++++ PROVIDED DATA
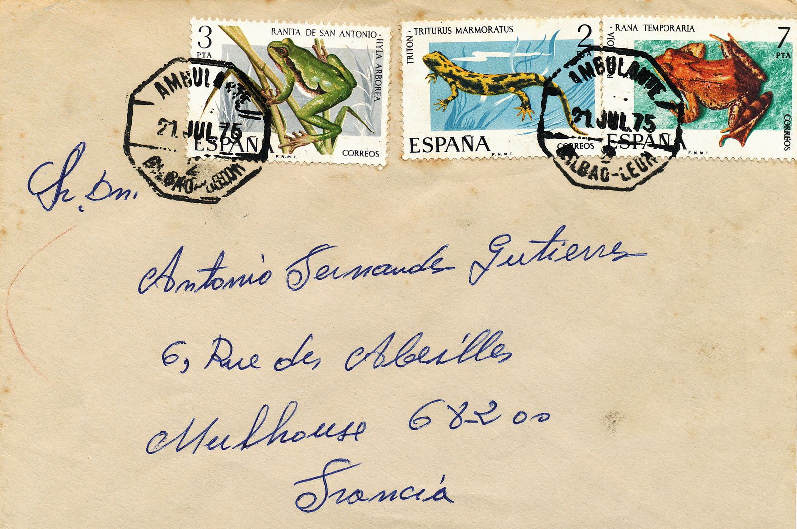 Bonito franqueo para llegar a las 12 pesetas, según la tarifa al extranjero que entró en vigor el 01/12/1974.
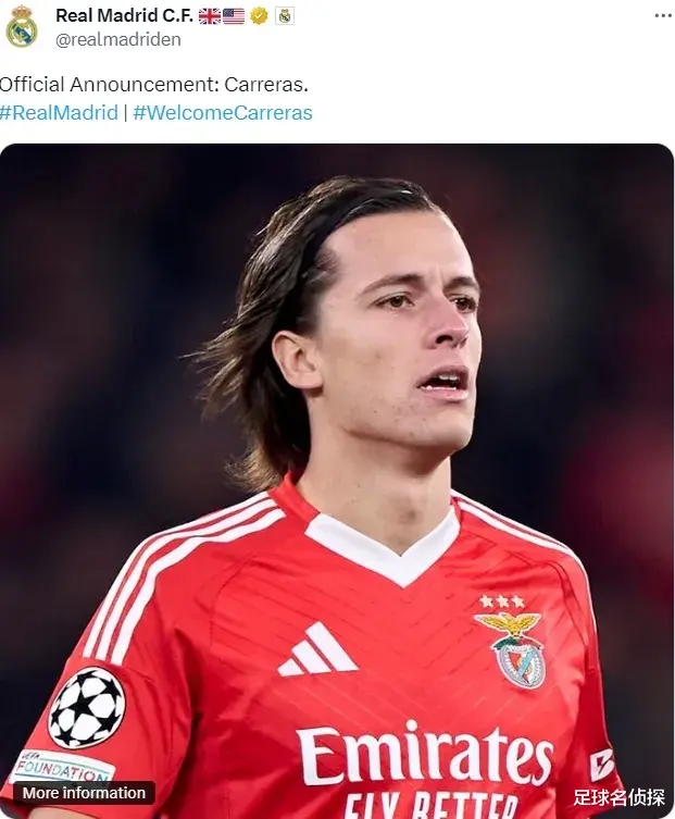 官方:皇马宣布从本菲卡签下了阿尔瓦罗-费尔南德斯-卡雷拉斯(简称A费),双方签署了一份2031年到期的6年合同。
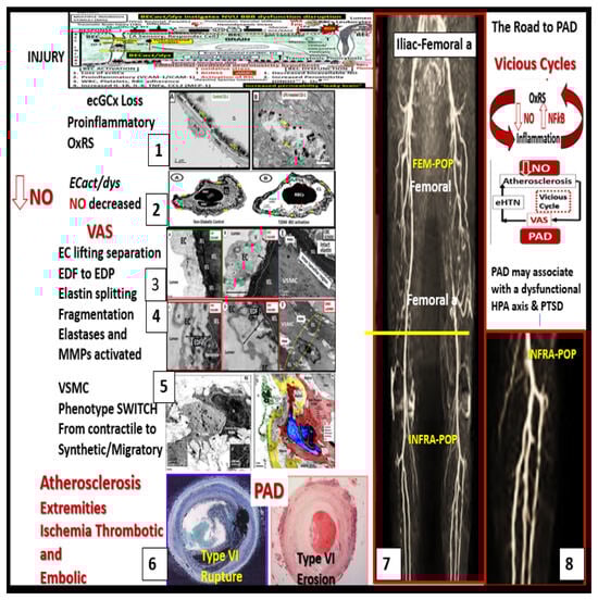 - Ismaeel, A.; Brumberg, R.S.; Kirk, J.S.; Papoutsi, E.; Farmer, P.J.; Bohannon, W.T.; Smith, R.S.; Eidson, J.L.; Sawicki, I.; Koutakis, P. Oxidative Stress and Arterial Dysfunction in Peripheral Artery Disease. Antioxidants 2018, 7, 145. [Google Scholar] [CrossRef]
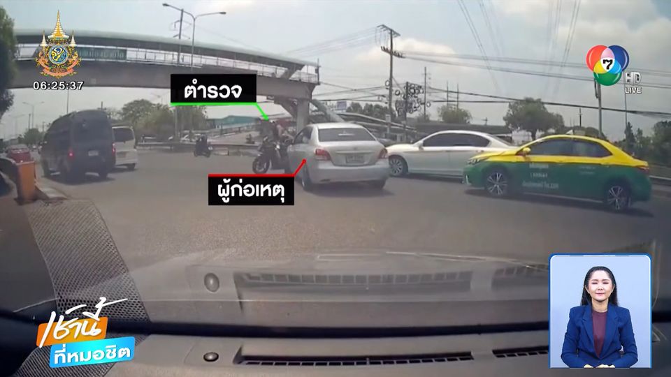 เช้านี้ที่หมอชิต - เร่งล่ารถเก๋ง ขับซิ่งฝ่าด่านตรวจ ตำรวจขี่รถจักรยานยนต์ไล่ตาม ถูกชนบาดเจ็บ คาดในรถมีสิ่งผิดกฎหมาย
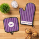 Add some country style to your kitchen with these Rustic Charm Purple Striped Oven Mitt & Pot Holder Sets. The stripes in three captivating shades of purple create a pleasing visual effect against the white customisation areas, which are outlined in a complementary shade of purple. A personalised purple monogram letter on the hot pad and custom text at the bottom of the oven mitt add a unique touch, making these sets perfect for a personal gift. Available as a set or individually - you can choose to get just an oven mitt or just a pot holder. Order yours today to add sophistication to your kitchen or to brighten the day of a friend or loved one with a thoughtful, personalised present.
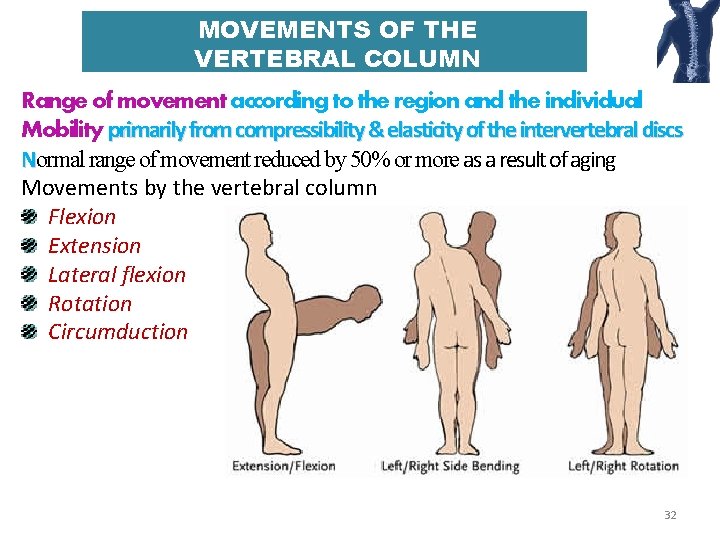 MOVEMENTS OF THE VERTEBRAL COLUMN Range of movement according to the region and the individual Mobility primarily from compressibility & elasticity of the intervertebral discs Normal range of movement reduced by 50% or more as a result of aging Movements by the vertebral column Flexion Extension Lateral flexion Rotation Circumduction 32
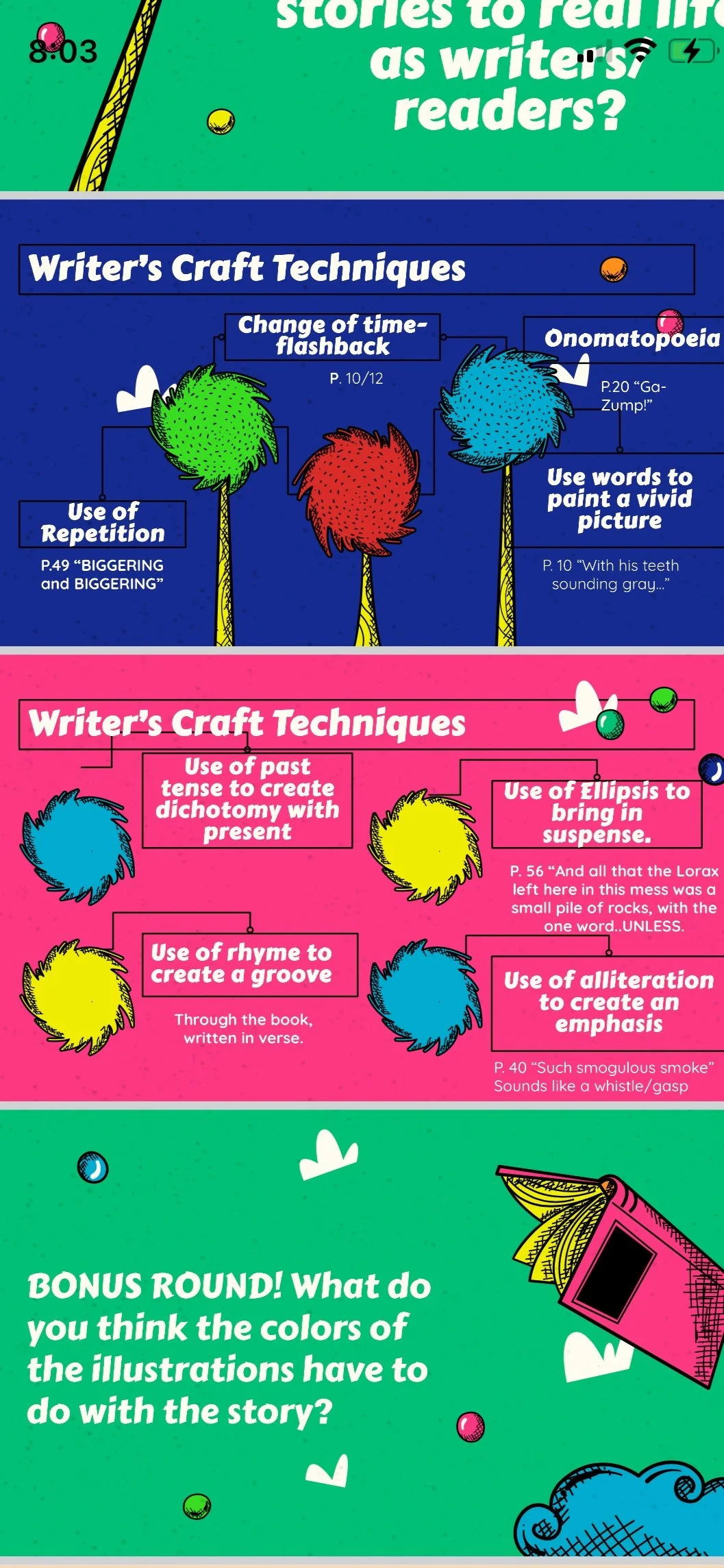 I had three of my placements at Scripps Middle School in the 6th Grade with English Language Arts teacher, Dana Abbasse. Dana is an inspiration to me, and was a wonderful mentor. The feedback that I received from Dana will stick with me for a lifetime. Dana is truly all about the students. She is dedicated, passionate, and really understands how to connect to the students on a personal level. Dana also teaches the Academic Literacy class for the 6th Grade ELA Team. She made that class fun and not a chore to the students. During my first placement, I observed the class and helped out with the editing and revision of essays. I taught one lesson using vocabulary and author’s craft utilizing Dr. Seuss’, “The Lorax”. I also hosted a class discussion on finding the theme of the story, and pushed the students to think deeper than what was on the page. This assignment was created and executed under direction of Dr. DiMeo at Oakland University. I also began to watch Dana’s lessons once or twice, whilst taking notes on the lesson, and I then attempted to teach the lesson on the spot for the next three hours. This was an important time fo my growth- as this gave me on-the-spot, valuable feedback from Dana. Due to my overzealous approach to the time spent in my second placement, I grew exponentially as a teacher during this time. I was ready to hold my own classroom. After this first Scripps Middle School placement, I taught the 54 days virtually!
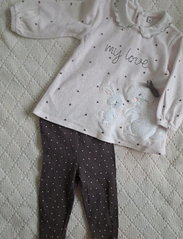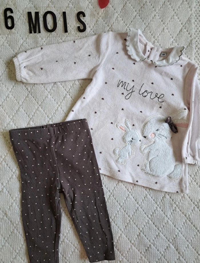 Ensemble Pull legging coeurs et lapin fille 6 mois - photo numéro 1
++++++++
TASK DESCRIPTION: Omitting the images, output each record precisely as written.

PROBLEM SOLUTION:
 Bonito franqueo para llegar a las 12 pesetas, según la tarifa al extranjero que entró en vigor el 01/12/1974.
 官方:皇马宣布从本菲卡签下了阿尔瓦罗-费尔南德斯-卡雷拉斯(简称A费),双方签署了一份2031年到期的6年合同。
 - Ismaeel, A.; Brumberg, R.S.; Kirk, J.S.; Papoutsi, E.; Farmer, P.J.; Bohannon, W.T.; Smith, R.S.; Eidson, J.L.; Sawicki, I.; Koutakis, P. Oxidative Stress and Arterial Dysfunction in Peripheral Artery Disease. Antioxidants 2018, 7, 145. [Google Scholar] [CrossRef]
 เช้านี้ที่หมอชิต - เร่งล่ารถเก๋ง ขับซิ่งฝ่าด่านตรวจ ตำรวจขี่รถจักรยานยนต์ไล่ตาม ถูกชนบาดเจ็บ คาดในรถมีสิ่งผิดกฎหมาย
 Add some country style to your kitchen with these Rustic Charm Purple Striped Oven Mitt & Pot Holder Sets. The stripes in three captivating shades of purple create a pleasing visual effect against the white customisation areas, which are outlined in a complementary shade of purple. A personalised purple monogram letter on the hot pad and custom text at the bottom of the oven mitt add a unique touch, making these sets perfect for a personal gift. Available as a set or individually - you can choose to get just an oven mitt or just a pot holder. Order yours today to add sophistication to your kitchen or to brighten the day of a friend or loved one with a thoughtful, personalised present.
 MOVEMENTS OF THE VERTEBRAL COLUMN Range of movement according to the region and the individual Mobility primarily from compressibility & elasticity of the intervertebral discs Normal range of movement reduced by 50% or more as a result of aging Movements by the vertebral column Flexion Extension Lateral flexion Rotation Circumduction 32
 I had three of my placements at Scripps Middle School in the 6th Grade with English Language Arts teacher, Dana Abbasse. Dana is an inspiration to me, and was a wonderful mentor. The feedback that I received from Dana will stick with me for a lifetime. Dana is truly all about the students. She is dedicated, passionate, and really understands how to connect to the students on a personal level. Dana also teaches the Academic Literacy class for the 6th Grade ELA Team. She made that class fun and not a chore to the students. During my first placement, I observed the class and helped out with the editing and revision of essays. I taught one lesson using vocabulary and author’s craft utilizing Dr. Seuss’, “The Lorax”. I also hosted a class discussion on finding the theme of the story, and pushed the students to think deeper than what was on the page. This assignment was created and executed under direction of Dr. DiMeo at Oakland University. I also began to watch Dana’s lessons once or twice, whilst taking notes on the lesson, and I then attempted to teach the lesson on the spot for the next three hours. This was an important time fo my growth- as this gave me on-the-spot, valuable feedback from Dana. Due to my overzealous approach to the time spent in my second placement, I grew exponentially as a teacher during this time. I was ready to hold my own classroom. After this first Scripps Middle School placement, I taught the 54 days virtually!
 Ensemble Pull legging coeurs et lapin fille 6 mois - photo numéro 1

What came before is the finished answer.